Когда он влетел в палатку капитана, там был сам де Тревиль, его адъютант и Лабурер. После смерти брата в домике священника, когда был убит дон Сиснерос и откуда живыми смогли выбраться только Атос с Арамисом, он резко повзрослел, перестал улыбаться и часто по вечерам сидел в одиночестве и смотрел куда-то в небо.
Они все обернулись на вошедшего д’Артаньяна и дружно опустили глаза.
— Что происходит?
— ДАртаньян, давайте выйдем. — Де Тревиль подошел к нему и по-отечески сжал плечо. Это был плохой знак.
— Нет. — откинув руку капитана, гасконец подошел к пленному.
Лабурер посмотрел на капитана, но де Тревиль лишь махнул рукой — пусть, все равно не уйдет, все равно все выяснит.
Повтори то, что ты только что говорил этим господам. Пленный посмотрел на д’Артаньяна.
ГОВОРИ!
Позавчера были захвачены двое французов. Имен я не знаю, но…
Он описал их, — вмешался мрачно Лабурер, — это Атос и Арамис…
Дальше!
— Я видел, как к дону Гонсалесу приводили сначала обоих, а потом одного из них. Офицеры в штабе говорили, что второй — это тот, кто убил дона Сиснероса.
ДАртаньян вздрогнул и посмотрел на де Тревиля и Лабурера.
— Дальше!
— А потом… Я слышал, как говорили конвойные… Что французов стало… на одного меньше…
ДАртаньян пошатнулся.
Нет… Он сжал кулаки и побагровел так, что пленный испуганно вжался в
стул.
«Трус.» — подумал Лабурер, смотря на него.
— Кто? — хрипло произнес д’Артаньян. Пленный молчал, смотря на д’Артаньяна, который был готов испепелить его взглядом. -КТО?????!!!
Тишина… Звенящая тишина… И голос испанца:
— Тот, который убил дона Сиснероса.
И тут д’Артаньян понял, что это такое, когда земля уходит из-под ног.
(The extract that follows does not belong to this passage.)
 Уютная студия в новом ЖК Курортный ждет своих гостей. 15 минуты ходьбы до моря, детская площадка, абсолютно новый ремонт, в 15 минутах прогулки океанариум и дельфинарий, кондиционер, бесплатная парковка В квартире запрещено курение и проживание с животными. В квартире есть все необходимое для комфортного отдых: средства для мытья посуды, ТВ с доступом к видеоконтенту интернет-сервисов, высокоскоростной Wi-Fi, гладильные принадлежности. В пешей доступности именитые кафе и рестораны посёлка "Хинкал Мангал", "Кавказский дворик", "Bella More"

Он стремительно вырвался из палатки. Его не смогли остановить ни Лабурер, ни Робестен. Он не слышал криков себе вслед. Он бежал. Сам не знал -куда… Задыхался… Хватал ртом воздух…
Наконец, остановился. Рухнул на колени. Поднял к небу глаза.
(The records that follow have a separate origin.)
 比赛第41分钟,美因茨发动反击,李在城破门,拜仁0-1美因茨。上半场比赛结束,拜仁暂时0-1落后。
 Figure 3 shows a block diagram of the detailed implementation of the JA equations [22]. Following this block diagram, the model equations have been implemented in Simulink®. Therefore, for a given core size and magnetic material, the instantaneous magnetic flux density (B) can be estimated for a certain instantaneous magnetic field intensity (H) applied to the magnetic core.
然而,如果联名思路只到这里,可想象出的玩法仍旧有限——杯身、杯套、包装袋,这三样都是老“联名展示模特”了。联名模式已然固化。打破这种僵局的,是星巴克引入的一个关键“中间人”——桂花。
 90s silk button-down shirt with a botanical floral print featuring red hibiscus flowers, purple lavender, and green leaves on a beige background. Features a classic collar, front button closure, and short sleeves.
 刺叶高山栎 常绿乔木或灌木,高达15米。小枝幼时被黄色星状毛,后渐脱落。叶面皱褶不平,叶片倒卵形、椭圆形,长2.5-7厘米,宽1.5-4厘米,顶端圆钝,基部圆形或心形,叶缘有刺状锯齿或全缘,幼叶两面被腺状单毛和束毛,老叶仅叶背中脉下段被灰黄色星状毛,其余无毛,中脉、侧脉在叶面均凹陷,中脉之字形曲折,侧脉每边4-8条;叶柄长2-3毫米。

В еще недавно чистом небе появились тучи, предвещавшие бурю.
— Почему, Господи? ПОЧЕМУ???!!!
Он уже успел увидеть много смертей на этой войне, многих похоронил. Но никогда раньше ему не было так плохо…
ЭТУ смерть он не мог и не хотел принять.
Он опустил голову на колени, обхватил руками и разрыдался.
Впервые на этой войне…
Дон Гонсалес вошел в комнату и сел за стол. Стоявший у окна мужчина даже не обернулся.
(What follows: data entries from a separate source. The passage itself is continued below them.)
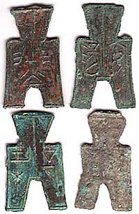 青銅平首方足布錢四種(戦國時代、BC476〜256)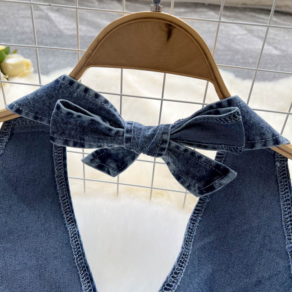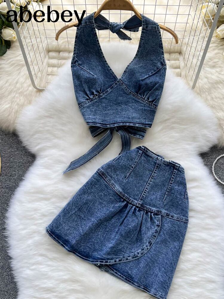 サマーブルーデニムツーピーススカートセットレディースジーンズストリートウェアローカットストラップホルタークロップトップ+ミニボディコンスカートクラブセット 夏物 Abe94191868824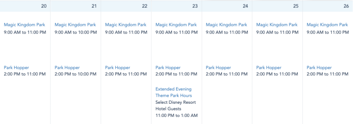Magic Kingdom will be open next week from 9AM to 11PM. And, if you’re staying at a Disney World Resort hotel that qualifies you for Extended Evening Theme Park Hours, you can take advantage of those on Wednesday, March 23rd from 11PM to 1AM.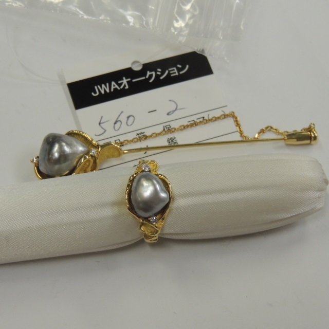 リング ブローチ 2点セット バロック真珠 ダイヤ K18 12.70g 石目:D0.05 0.04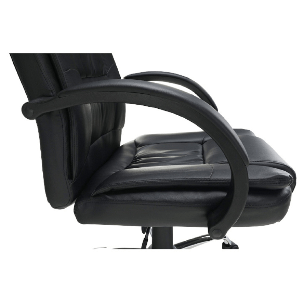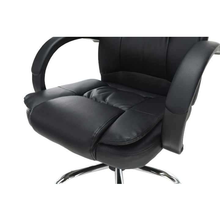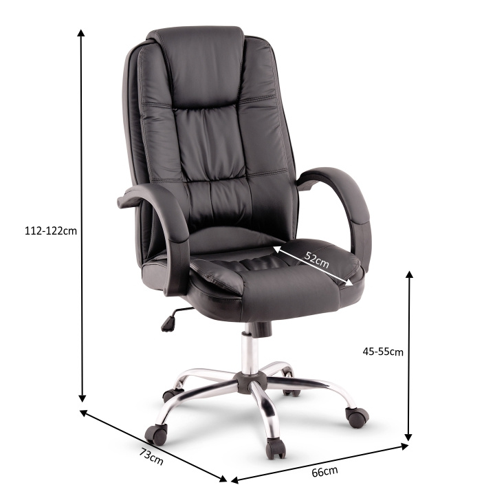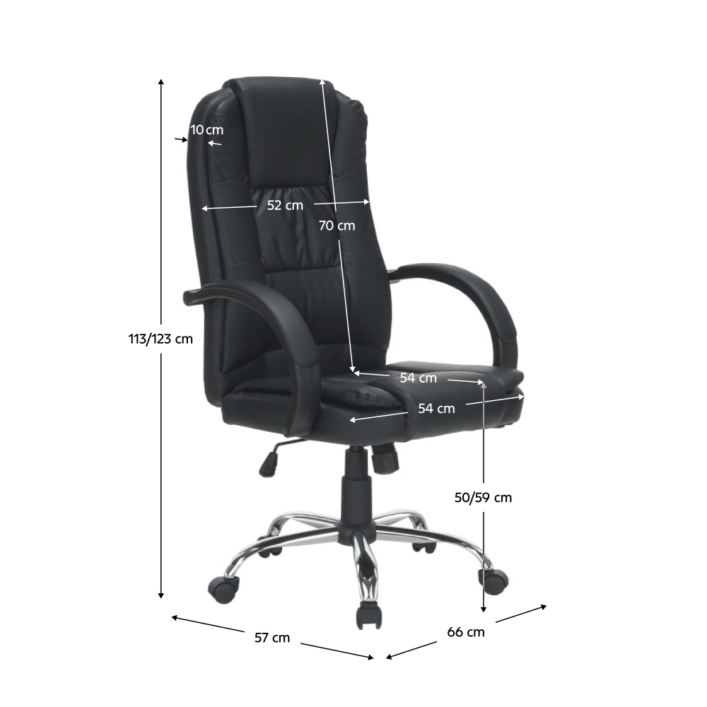Materiál: ekokůže/kov/plast Oděruodolnost ekokůže podle testu Martindale: 100 000 oděrů Barva: černá/chrom Rozměry (ŠxHxV): 66x57x113-123 cm Výška sedu: 50-59 cm Hloubka sedu: 54 cm Nosnost: 130 kg Opěrka zad (ŠxV): 52x70 cm Sedák (ŠxH): 54x54 cm Možnost nastavit výšku sedu Funkce houpání Kovová růžice Plastové opěrky na ruce Opěrky na ruce čalouněné Dodáváno v demontu

— Мне пришлось огорчить вашего друга. Он считает, что вас казнили. — Сухо произнес испанец.
Арамис сжал руки в кулаки, но продолжал стоять спиной к Гонсалесу. Он до сих пор помнил, что ему пришлось пережить в церкви. Он и сам был уверен, что его убьют. Он готовился к этому. Сердце и правда практически остановилось, когда он увидел наведенные на него мушкеты… взведенные курки… залп… А потом вдруг понял, что жив. У него забрали крест, который он всегда носил на шее. Вывели из церкви совсем другим путем, чем привели. Уже тогда закралась мысль, что Гонсалес задумал этот спектакль с лже-казнью с определенными целями. Нет, это не новая изощренная психологическая пытка. Тут что-то другое… Гонсалес — один из лучших стратегов. Он никогда и нечего не делает просто так.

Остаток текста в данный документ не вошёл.